Hery Prasetya, Pendidikan Karakter lewat ”Board Game”
Herry Prasetya menciptakan ”board game” untuk mengembangkan pendidikan karakter kepada anak-anak dengan cara yang menyenangkan.
Oleh
MARIA SUSY BERINDRA
·5 menit baca
Di tangan Hery Prasetya (32), permainan papan bisa dipakai menjadi sarana pendidikan karakter. Berbekal pendidikan psikologi di bangku kuliah, pemuda asal Solo, Jawa Tengah, ini mengharapkan board game yang diciptakannya dapat memecahkan sebuah masalah.
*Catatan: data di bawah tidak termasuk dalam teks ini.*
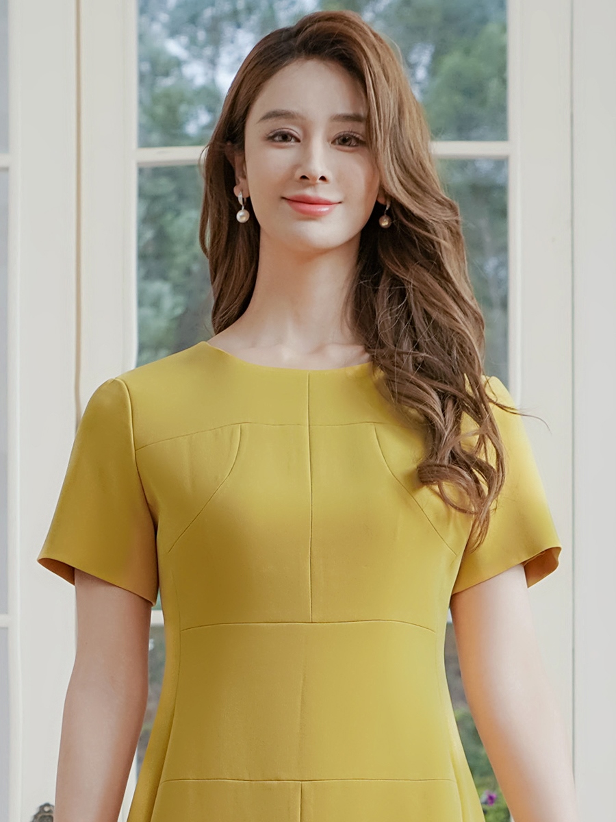 [送料無料][GINZA COUTURE]イエロー・ブルー・シンプル・半袖・無地・切替デザイン・タイト・膝丈・ミディアムドレス・ワンピース[即日発送][大きいサイズあり]

Hery menjelaskan detail bagaimana cara bermain board game ciptaannya Trash Free: Sea Edition, saat diwawancara secara daring, Selasa (22/2/2002). Siang itu, dia mengenakan kaus berwarna biru duduk di depan rak yang penuh dengan board game dari luar negeri ataupun Indonesia. ”Sebagai game designer, saya harus banyak bermain supaya lebih banyak tahu mengenai mekanik cara bermainnya,” kata Hery yang sedang berada di kantor Hompimpa Books and Games di Solo, Jawa Tengah, ini.
Sambil memegang kartu Trash Free, Hery mengatakan, permainan itu bertema memilah sampah yang ada di pantai. Para pemain diajak bisa memilah sampah sesuai dengan jenisnya. Ada lima jenis sampah, yaitu sampah anorganik, organik, daur ulang, bahan berbahaya beracun, dan residu. Pemain akan mendapatkan kartu misi yang bergambar tempat sampah dengan kode warna tertentu. Lalu, mereka mencari kartu-kartu bergambar sampah yang disebar di arena permainan.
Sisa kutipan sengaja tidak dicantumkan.